[Task statement] Using the data below, return the stretch from the line that contains "Girocollo Con Cerchio" through the line that contains "會(huì)議椅與定制的會(huì)議桌", both included, exactly as it stands and nothing beyond it.

[Given entries]
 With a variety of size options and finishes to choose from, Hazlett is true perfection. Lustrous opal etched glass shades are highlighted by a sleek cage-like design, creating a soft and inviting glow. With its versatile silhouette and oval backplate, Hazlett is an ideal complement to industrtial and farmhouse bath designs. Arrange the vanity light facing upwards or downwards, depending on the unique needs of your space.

==

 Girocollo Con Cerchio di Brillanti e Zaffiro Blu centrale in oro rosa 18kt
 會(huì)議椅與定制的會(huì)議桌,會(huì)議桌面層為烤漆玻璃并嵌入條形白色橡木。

...

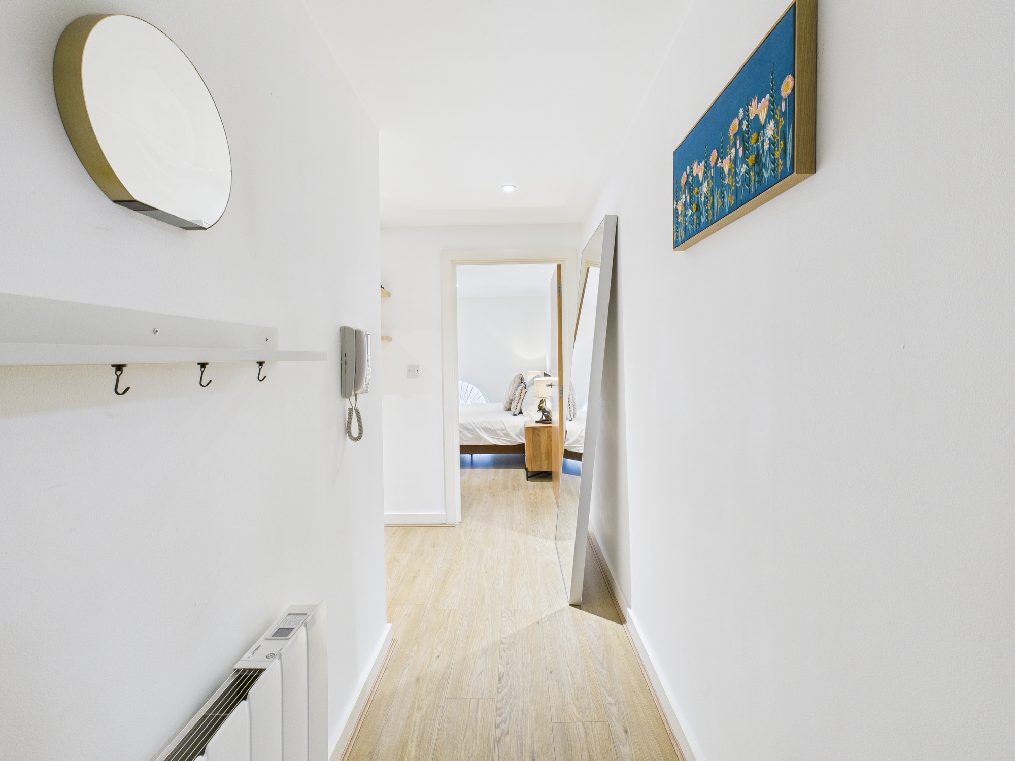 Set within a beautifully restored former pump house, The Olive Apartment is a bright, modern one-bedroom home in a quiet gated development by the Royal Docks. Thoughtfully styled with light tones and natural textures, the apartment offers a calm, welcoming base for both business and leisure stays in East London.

[Your solution]
 Girocollo Con Cerchio di Brillanti e Zaffiro Blu centrale in oro rosa 18kt
 會(huì)議椅與定制的會(huì)議桌,會(huì)議桌面層為烤漆玻璃并嵌入條形白色橡木。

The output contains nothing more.